Okolice Gythio – plaża z wrakiem  36°47'20.54"N  22°34'55.43"E. 
Warto się zatrzymać, jeśli nie na nocleg lub kąpiel to choć na krótki spacer do wraku.

Agios Nikolaos (płw Mani) 36°49'22.63"N  22°16'59.95"E
Malutka miejscowość z niewielkim klimatycznym portem. Kilka rodzinnych tawern przy samym nabrzeżu. Świetne miejsce na nocleg „wśród ludzi” po bezludnej wyspie Elafonisos.

Voidokilia  - Paleokastro w pobliżu Pilos  36°58'0.02"N   21°39'41.29"E
Wyjątkowo piękna piaszczysta plaża leżąca w osłoniętej zatoce, nad którą wznosi się zamek Franków, położona na terenie strefy Natura 2000 (zakaz kampingu) przylegająca do rozległej Gialova Lagoon będącej ostoją ptactwa – ale również wyjątkowo agresywnych i bardzo licznych komarów, które lepiej niż znak NO CAMPING zniechęcają do pozostania tam na noc.

Romanos - plaże w okolicy choć jak większość  na zachodnim wybrzeżu długie i piaszczyste przywitały nas dużymi falami i wiatrem. Jednak na nocleg zatrzymaliśmy się na parkingu przy tawernie  36°59'10.89"N  21°39'7.15"E. Po zapytaniu się z grzeczności o możliwość noclegu otrzymaliśmy również propozycję skorzystania z wody, prądu i toalet ;) . Na taką ofertę choć z niej nie skorzystaliśmy mieliśmy w odpowiedzi kolejną Polish Bizon Vodkę ;)

Elea  37°22'0.64"N  21°41'19.20"E – tą plażę położoną nieco na północ od Romanos około 50 km od wykopalisk w Olimpii, oceniliśmy jako najlepszą do kampingowania na dziko. Przy olbrzymiej – długiej i szerokiej piaszczystej plaży rozciąga się las piniowy gdzie w  cieniu jego drzew z  doprowadzoną do rejonu gdzie stało więcej kamperów wodą,  bez komarów, i innych szkodników można naprawdę się zatrzymać na długo.  Rejon na tyle odludny że swoje jaja składają tam żółwie, które  w lesie bez trudu wieczorem można spotkać spacerujące po zaroślach.

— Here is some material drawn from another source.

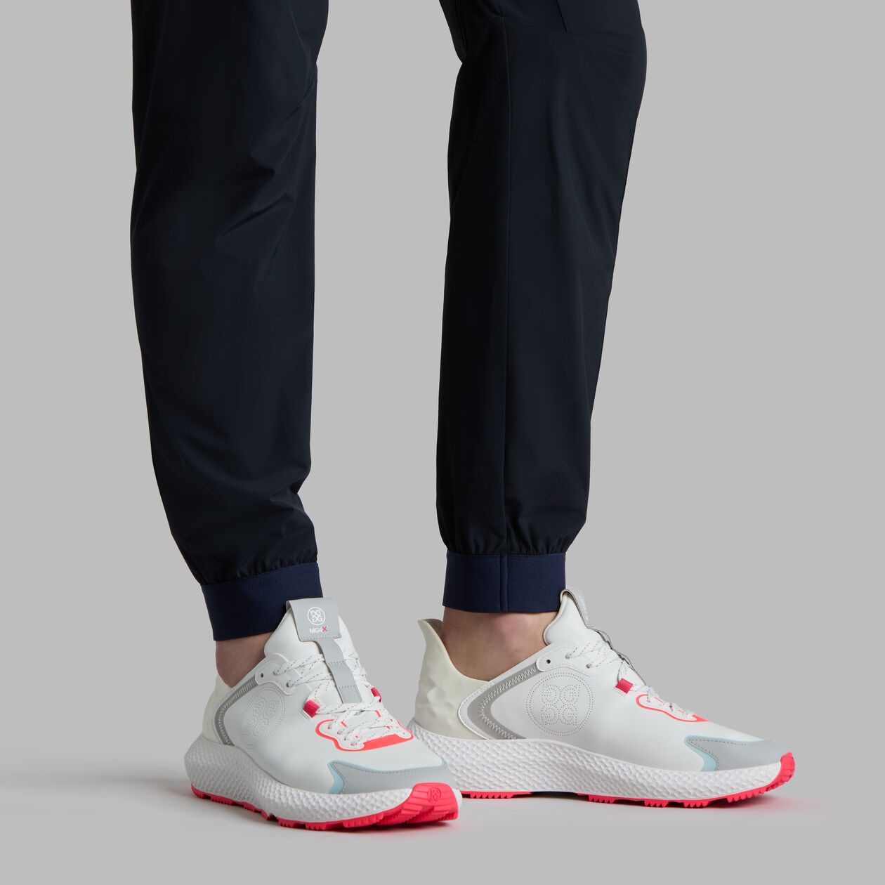 THE MG4X2 PERFORATED LOGO HYBRID GOLF CROSS TRAINER IS A MULTI-FUNCTIONAL SHOE THAT TAKES YOU EASILY FROM THE STREET TO THE COURSE. IDEAL FOR WALKS, LIGHT WORKOUTS, PICKLEBALL SESSIONS, AND TENNIS GAMES, THIS SHOE IS EASY TO SLIP ON AND ELEVATE ANY OUTFIT. IT BOASTS AN AUXETIC LATTICE MIDSOLE FOR ALL DAY SUPPORT, A SAWTOOTH TRACTION PATTERN FOR GRIP, AND OUR STAPLE TRIPLE-DENSITY FOAM CUSHION FOOTBED FOR A MASSAGE WITH EVERY STEP. VERSATILE, COMFORTABLE, AND LIGHTWEIGHT, THIS MG4X2 IS A NO-BRAINER ADDITION TO YOUR CLOSET.
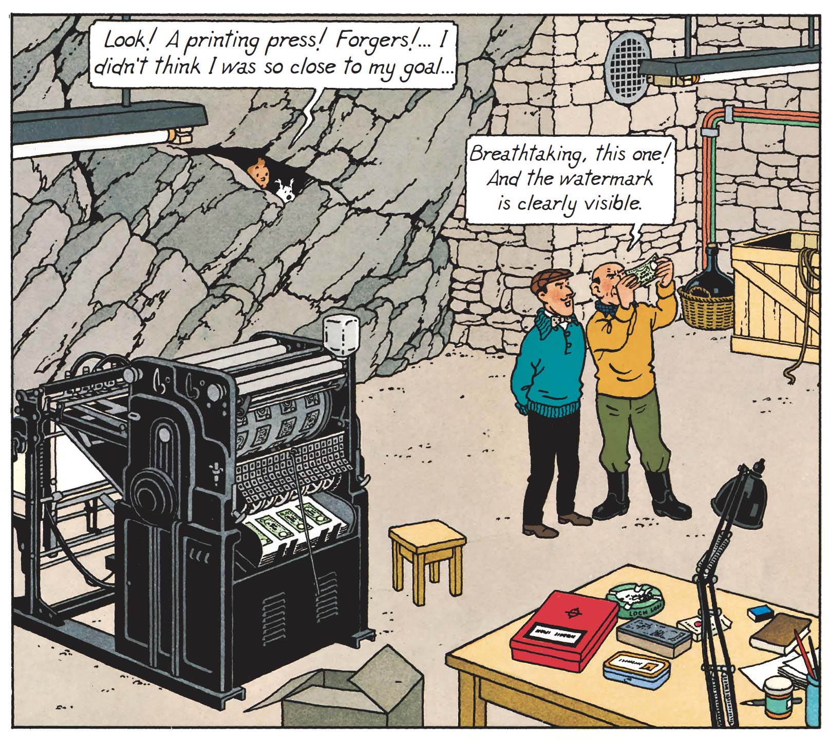 This evolution is accompanied by a methodical approach to the settings. Hergé retains control over the characters, while relying extensively on his collaborators: Bob de Moor for architecture and landscapes, Roger Leloup for aircraft, and Michel Demarets for technical elements such as the counterfeiters’ press.

Dla nas ze względu na to że to nasze ciągle jedne z pierwszych noclegów poza kampingiem nie bez znaczenia był fakt że w tym lesie stało więcej aut – ale wszystkie na tyle daleko od siebie, że ich mieszkańcy w żaden sposób nie zakłócali sobie odpoczynku. 

Kalogria – chciało by się powiedzieć już nigdy nie będzie takiego lata jak na Elafonisos i na plaży w Elei. Kalogria to też oczywiście piękna plaża, również położona w otoczeniu rozlewisk podobnie jak Voidokilia. Aby na nią dojechać jedzie się wśród wspaniałego piniowego lasu, w którym drzewa przypominają afrykańskie drzewa w kształcie parasoli (pomóżcie jakie to drzewa – akacje??) Ale parking przy plaży był opieczętowany NO Camping, choć chyba nie musiał – bo znowu super krwiożercze komary oraz sterty śmieci działały znacznie lepiej. 


3. Małe podsumowanie:
Założenie było następujące – odpocząć zwiedzając i obie załogi zgodnie uznały że się udało je zrealizować. Musieliśmy niestety świadomie ominąć wiele ciekawych miejsc, ale dzięki temu mamy już w głowie plan na następny wyjazd i tym razem bez cienia wątpliwości wiemy, że będzie to wyspa a co tam – cały archipelag wysp – Peloponez.